■ **Records provided**
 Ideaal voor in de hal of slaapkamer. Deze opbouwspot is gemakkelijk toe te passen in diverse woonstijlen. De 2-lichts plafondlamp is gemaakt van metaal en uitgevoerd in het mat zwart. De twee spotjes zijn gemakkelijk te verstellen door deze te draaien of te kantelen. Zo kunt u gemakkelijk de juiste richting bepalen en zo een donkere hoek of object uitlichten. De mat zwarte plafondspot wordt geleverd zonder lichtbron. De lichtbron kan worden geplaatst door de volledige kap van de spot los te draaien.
--
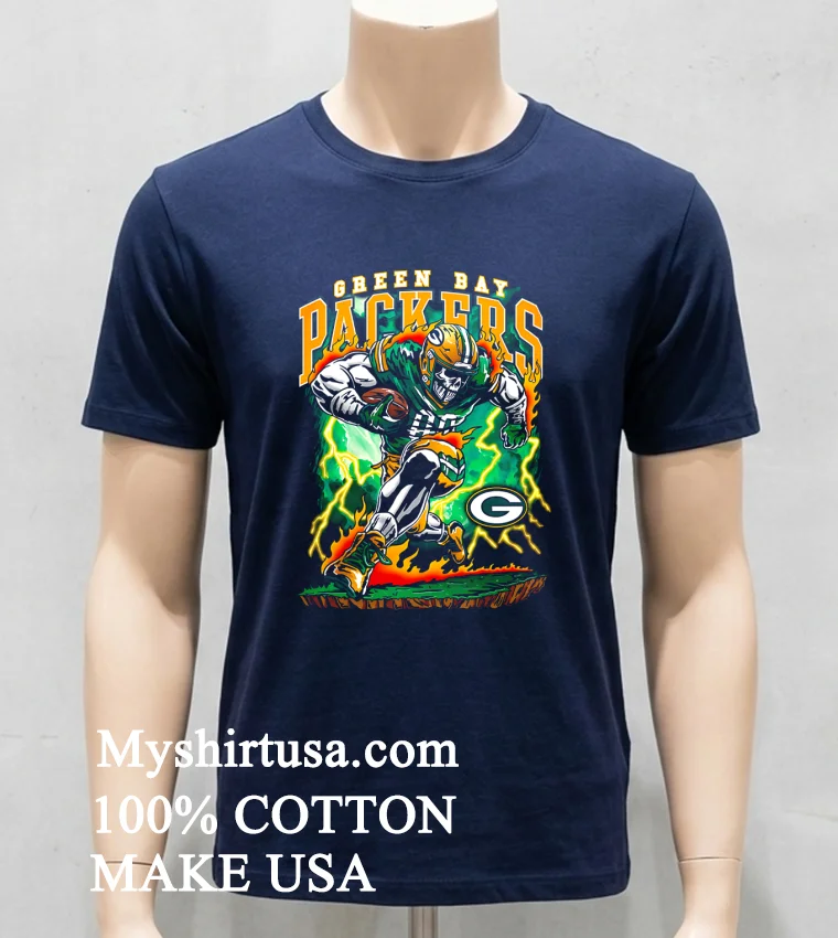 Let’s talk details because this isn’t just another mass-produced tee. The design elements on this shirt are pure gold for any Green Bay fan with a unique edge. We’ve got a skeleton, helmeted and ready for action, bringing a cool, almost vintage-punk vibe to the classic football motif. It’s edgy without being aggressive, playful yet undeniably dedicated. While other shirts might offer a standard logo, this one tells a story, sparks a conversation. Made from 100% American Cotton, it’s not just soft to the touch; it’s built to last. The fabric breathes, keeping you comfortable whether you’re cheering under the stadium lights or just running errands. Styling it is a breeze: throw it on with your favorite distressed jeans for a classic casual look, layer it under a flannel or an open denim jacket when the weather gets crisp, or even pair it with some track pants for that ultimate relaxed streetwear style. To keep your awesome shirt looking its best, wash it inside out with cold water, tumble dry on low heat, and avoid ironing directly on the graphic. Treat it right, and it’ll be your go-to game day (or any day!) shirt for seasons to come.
* * *
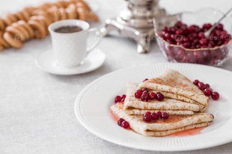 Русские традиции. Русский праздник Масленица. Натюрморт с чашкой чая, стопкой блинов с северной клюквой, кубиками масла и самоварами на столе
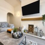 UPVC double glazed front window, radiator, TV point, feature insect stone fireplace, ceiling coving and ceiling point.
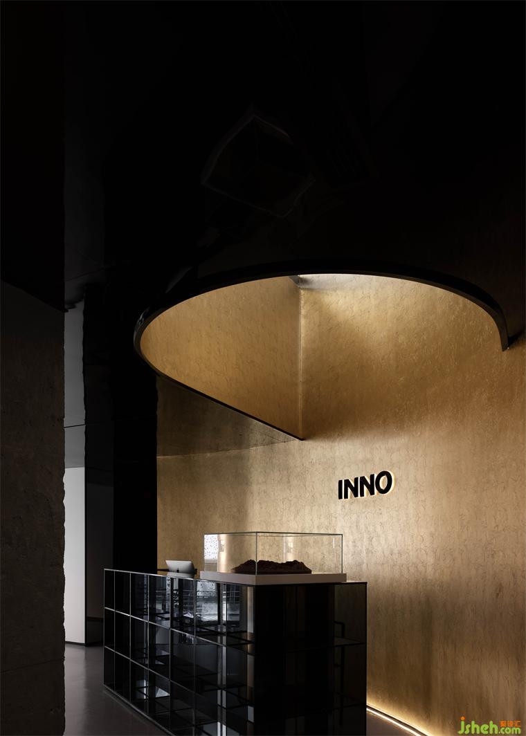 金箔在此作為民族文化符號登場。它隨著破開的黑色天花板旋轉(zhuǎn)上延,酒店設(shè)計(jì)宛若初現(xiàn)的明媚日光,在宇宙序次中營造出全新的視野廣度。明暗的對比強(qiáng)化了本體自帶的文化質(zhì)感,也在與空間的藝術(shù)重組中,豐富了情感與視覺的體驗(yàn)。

■ **Exercise**
Nothing but the lines from the one with "UPVC double glazed" up to and including the one with "金箔在此作為民族文化符號登場" should be printed, exactly as they read above. Please keep the pictures out.

■ **Task response**
 UPVC double glazed front window, radiator, TV point, feature insect stone fireplace, ceiling coving and ceiling point.
 金箔在此作為民族文化符號登場。它隨著破開的黑色天花板旋轉(zhuǎn)上延,酒店設(shè)計(jì)宛若初現(xiàn)的明媚日光,在宇宙序次中營造出全新的視野廣度。明暗的對比強(qiáng)化了本體自帶的文化質(zhì)感,也在與空間的藝術(shù)重組中,豐富了情感與視覺的體驗(yàn)。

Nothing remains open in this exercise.